Good Question: Who Takes Care Of Us When We Get Older?

MINNEAPOLIS (WCCO) - A new study from the University of Minnesota finds we vastly underestimate the amount of help we'll need later in life.

Researchers found only 40 percent of us think we'll need long-term care when, in reality, 70 percent of us do.

So, who takes care of us when we get older? Good Question.

Of those who will need care long-term, 80 percent of it will be unpaid and provided at home.

Carrie Henning-Smith researches aging and disability at the University of Minnesota.

"The average person getting long-term care is getting it from a spouse or a child or a sibling or a friends or a neighbor," she said.  "I'm talking about any care that people need to do their daily activities."

Children are the majority of unpaid caregivers (52 percent), followed by spouses (27 percent), other relatives (7 percent), neighbors or friends (7 percent) and grandchildren (6 percent).

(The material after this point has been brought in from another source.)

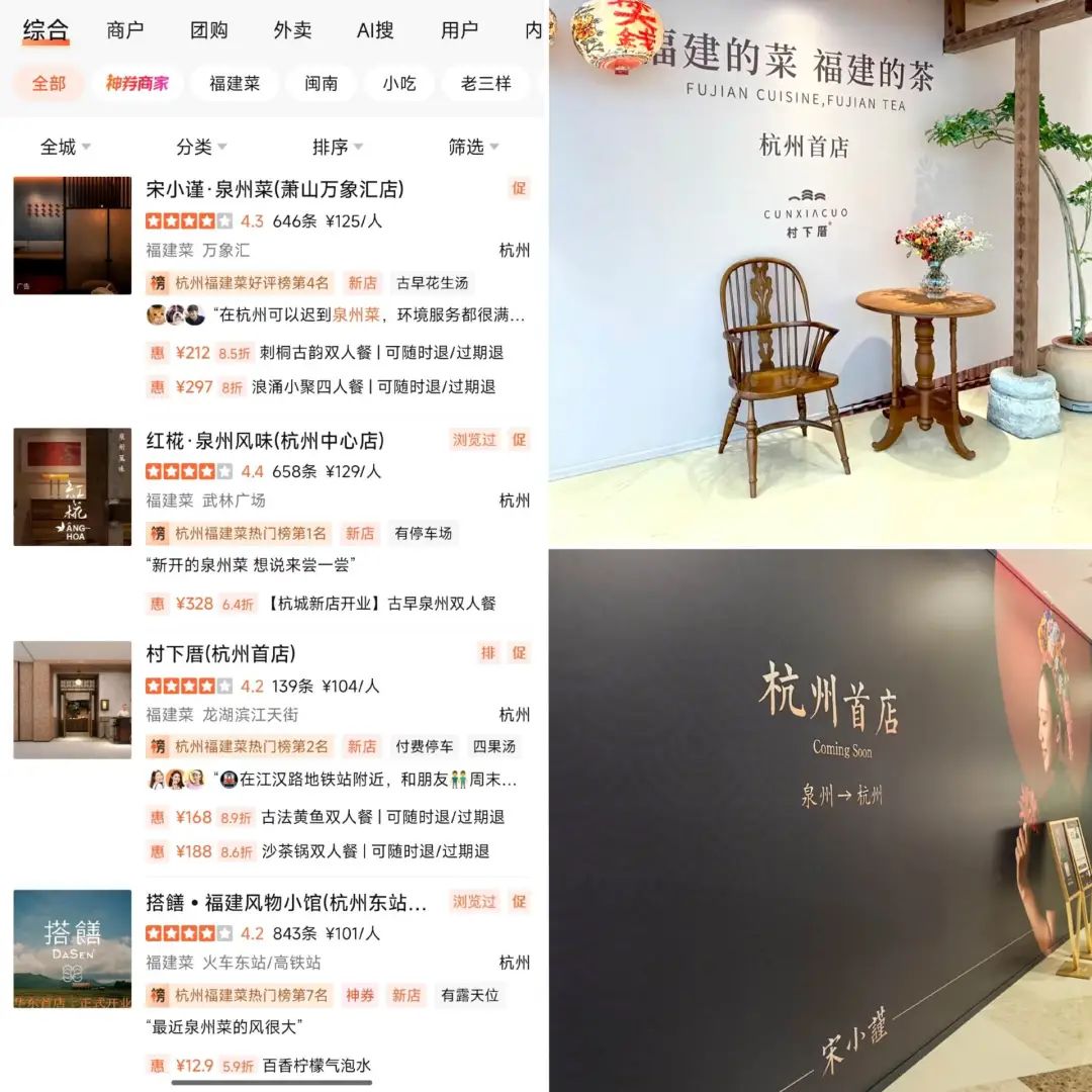 最近,打開(kāi)杭州的大眾點(diǎn)評(píng),多家新開(kāi)的福建菜館映入眼簾,像宋小謹(jǐn)·泉州菜、村下厝、搭鱔·福建風(fēng)物小館等。網(wǎng)友在評(píng)論區(qū)直言:“最近泉州菜的風(fēng)很大”。

Of those people who have home care, aides don't come in and help out as much as you'd think.

Fourteen percent of people have home health aides, who cost an  average of $21 per hour. About 10 percent of people live in an assisted living facility.

At any given time, 4 percent of people over 65 live in a nursing home. That jumps to 11 percent for those older than 85. But, over the course of a lifetime, about half of us will spend some time in and out of a nursing home.

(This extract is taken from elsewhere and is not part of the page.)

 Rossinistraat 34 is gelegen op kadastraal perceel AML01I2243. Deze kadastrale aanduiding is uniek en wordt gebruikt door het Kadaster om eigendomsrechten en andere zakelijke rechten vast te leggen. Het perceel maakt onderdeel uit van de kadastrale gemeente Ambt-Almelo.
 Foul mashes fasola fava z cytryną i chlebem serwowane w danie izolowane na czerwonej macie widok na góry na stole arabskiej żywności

"Most people who need long term care will end up cobbling together unpaid care," Henning-Smith said. "Sometimes, they might end up in nursing home, they might use a home health care aide."

Henning-Smith also said that our population is getting increasingly older and the birth rate has gone down, so there will be fewer young people to take care of older parents.

So these conversations are really important, especially when nursing home care can cost $80,000 to $90,000 a year.